# Scrollbalken; Buttons; etc. (wie sie auf dieser Seite zu sehen sind)



## elgo (26. Dezember 2001)

Wie bekomme ich sollche Scrollleisten und Buttons, wie auf dieser Seite hin. PHP ?
Wenn ja mit welchem Programm oder welche Skripts muß man verwenden


----------



## schwArzpunk (26. Dezember 2001)

ähm, welche seite meinst du???


----------



## Psyclic (26. Dezember 2001)

och nö das is doch wohl n witz....
BENUTZ DIE SUCHFUNKTION VERDAMMT !
die frage wurd erst ca. 200000000 mal gestellt...oder schau in die webmaster tutorials


----------



## gremmlin (26. Dezember 2001)

feundlich psy  hrhr.

schau in webmaster tutorials. oder im css forum. farbige scrollbars.


----------



## elgo (26. Dezember 2001)

Tut mir leid.
War ne ****** Frage.
Hab einfach zu oberflächlich gesucht.

Sorry


----------



## elgo (26. Dezember 2001)

jo scrollbalken funtzen.
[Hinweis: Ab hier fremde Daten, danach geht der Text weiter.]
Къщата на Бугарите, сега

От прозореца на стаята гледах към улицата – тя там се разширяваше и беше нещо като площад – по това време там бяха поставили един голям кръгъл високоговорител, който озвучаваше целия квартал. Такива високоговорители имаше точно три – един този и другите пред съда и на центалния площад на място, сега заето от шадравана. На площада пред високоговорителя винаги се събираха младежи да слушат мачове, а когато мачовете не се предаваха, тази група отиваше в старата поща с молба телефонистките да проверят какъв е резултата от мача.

Aber der Webmaster von
Tutorials.de hat auch die Button veränder.

Weiß jemand wie?

Vielleicht anstatt Scrollbar, Button?

Ich bitte um Hilfe


----------



## Thimo Grauerholz (27. Dezember 2001)

hi,
steht eigentlich alles im css-forum.

bzw schauen dir mal die tutorials.css an 

<input type="button" style="background-color : #E2E2C7;
        color : #000000;
        border : 1px solid #333333;
        font-size : xx-small;
        font-family : Arial, Helvetica, Verdana, sans-serif;
        font-weight : bold;">

...


----------



## elgo (27. Dezember 2001)

ok danke schön


----------



## DjDee (27. Dezember 2001)

btw: php ist serverseitig.


----------